For HVAC Contractors· Deep dive

2026 HVAC Cost Benchmarks

Service calls, residential replacements, commercial sub-bids: 2026 national average cost ranges and the per-piece, per-LF, per-CFM unit costs that drive them.

By Faizan Khan, Founder, TackOn Labs / BuildCrux13 min read

HVAC cost benchmarks anchor early customer conversations and sanity-check your bid before you send it. They are not a substitute for line-item takeoff. The benchmarks below are 2026 national averages for residential service, residential retrofit, residential remodel HVAC sub-work, and commercial new construction and TI — drawn from aggregated HVAC unit-cost data calibrated against the BLS Producer Price Index for HVAC equipment, copper and sheet metal indices, and BLS wage indices for HVAC technicians and journeymen.

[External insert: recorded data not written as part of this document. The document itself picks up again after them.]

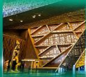
พิพิธภัณฑ์แกรนด์อียิปต์ (GEM)
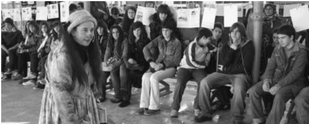
Emakumeenganako Indarkeriaren Aurkako Egurenaren harira hainbat ekintza gauzatu dituzte aste honetan, gazteak sentsibilizatzeko asmoz. IMANOL GARCIA
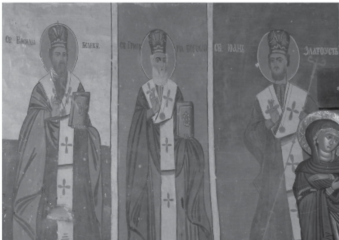
Фиг. 6. Храм „Св. св. Кирил и Методий“ (Св. Крал) Люлински манастир. Отпите литургисти: св. Василий Велики, св. Григорий Богослов и св. Иоан Златоуст

то ще остане в София – град, много по-назад от Самоков, Русе или Търново, и при изселването на турците, макар и да е разполагал със значителни средства, закупил имоти в Самоков, а не в София. Димитър Антикар умира на 89-годишна възраст на 1 октомври 1904 г. Връщайки се от млекарницата, бил нападнат от градския бик, който му счупил ребра, което става причина за смъртта му според семейната хроника 15 .
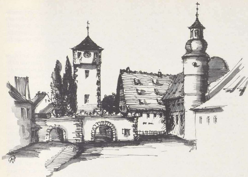
Das Spitaltor mit der Spitalkirche von der Stadtseite gesehen. (Abgerissen 1865)

dung, alle Hilfe kamen "von oben". In der Reichsstadt Schweinfurt fand eine Einübung freier, selbstverantwortlicher politischer Tätigkeit statt. So, meinen wenigstens wir Schweinfurter, wurde der Boden für die zukünftige Entwicklung, für einen Neuanfang vorbereitet.
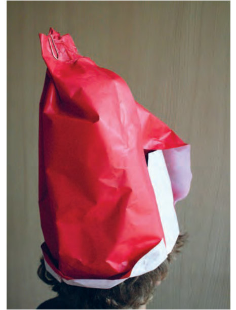
Zuerst wird die Form und mögliche Farben des Hutes skizziert und anschliessend mit Papierexperimenten ausgestaltet.

BuildCrux maintains a unit-cost lookup table referenced by every AI estimate run on the platform. The HVAC entries are calibrated quarterly against copper, sheet metal, refrigerant pricing, equipment escalation, and BLS wage indices for HVAC trades by region. The benchmarks on this page are derived from that table and from estimating runs across the BuildCrux customer base.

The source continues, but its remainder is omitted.